AI isn’t just another productivity tool anymore—it’s everywhere. From Slack to Salesforce, AI is now deeply embedded in everyday SaaS apps, making it impossible to draw a hard line between traditional software and AI. Trying to block it outright? That’s a strategy destined to fail.
In fact, we’ve reached a tipping point. Companies like Shopify now require teams to prove AI can’t do a task before they can request new hires. Meanwhile, the average enterprise is already juggling 254 AI-enabled tools. Yet despite this explosive growth, most businesses are struggling to keep up with security and governance.
The Silent Spread of Risky AI Usage
Of the hundreds of AI tools being used across companies, 7% are developed in China—raising serious concerns around data sovereignty. DeepSeek, one of the more prominent names, caused enough alarm in the U.S. that the Pentagon intervened when it found employees using the tool. And DeepSeek is just the beginning.
Other Chinese AI platforms—like Ernie Bot, Manus, Kimi Moonshot, Qwen Chat, and Baidu Chat—are rapidly gaining ground. Backed by tech giants like Baidu and Alibaba, these tools are evolving fast and quietly creeping into Western workspaces. Given China’s regulatory environment, data shared with these tools could be subject to government access—an alarming reality for any organization handling sensitive or proprietary data.

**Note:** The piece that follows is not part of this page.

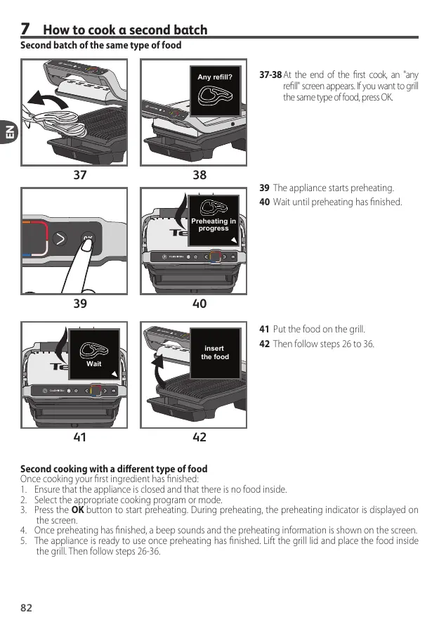5. The appliance is ready to use once preheating has finished. Lift the grill lid and place the food inside

The real risk? These tools don’t need official rollouts to infiltrate your workforce. Tech-savvy employees eager to boost productivity often experiment with the latest AI solutions on their own—and often without understanding the full consequences.
Employees Love AI—Even If It Puts Data at Risk
For many workers, AI is too valuable to ignore. In fact, a Fishbowl survey found that 68% of employees keep their ChatGPT usage secret from their bosses. Nearly half admitted they’d continue using it even if it were banned.

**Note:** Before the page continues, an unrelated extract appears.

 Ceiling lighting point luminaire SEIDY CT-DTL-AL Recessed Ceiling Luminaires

Between January and March, a study of 176,000 AI prompts revealed that 6.7% potentially leaked company data. Even more troubling? A large share of these submissions came from personal email accounts. Nearly half (45.4%) of sensitive inputs were submitted using accounts that fall entirely outside corporate governance.
Worse still, 21% of that sensitive data ended up on ChatGPT’s free tier—where prompts may be stored and used for training unless users explicitly opt out. For companies relying on internal AI policies or assuming corporate firewalls offer protection, these numbers are a wake-up call. Employees are finding ways around restrictions, often without understanding the data privacy trade-offs.
Why Blocking AI Tools Won’t Work
Blocking public LLMs or GenAI tools might feel like the safe move—but it’s not a sustainable one. Since most SaaS platforms now bake AI directly into their workflows, drawing a line between “AI” and “non-AI” tools no longer makes sense.
More importantly, blocking tools doesn’t stop usage—it just drives it underground. Employees will switch to personal devices, jump off the VPN, or use mobile apps to access their favorite AI tools. The result? Less oversight, more risk, and complete loss of control over how sensitive information is handled.
A Smarter Strategy: Secure, Not Strict
The path forward requires a mindset shift. Rather than saying no to AI, security and IT leaders must lean in, monitor AI tool usage, and create secure frameworks that guide adoption. That means implementing enterprise licenses, setting clear usage policies, and monitoring for shadow AI activity.
If done right, this proactive approach transforms security from being the “department of no” into a key enabler of innovation. With the right guardrails, teams can enjoy the benefits of AI without putting sensitive data at risk. In fact, the security team can become a strategic driver for smarter, safer AI adoption—helping the business move faster, not slower.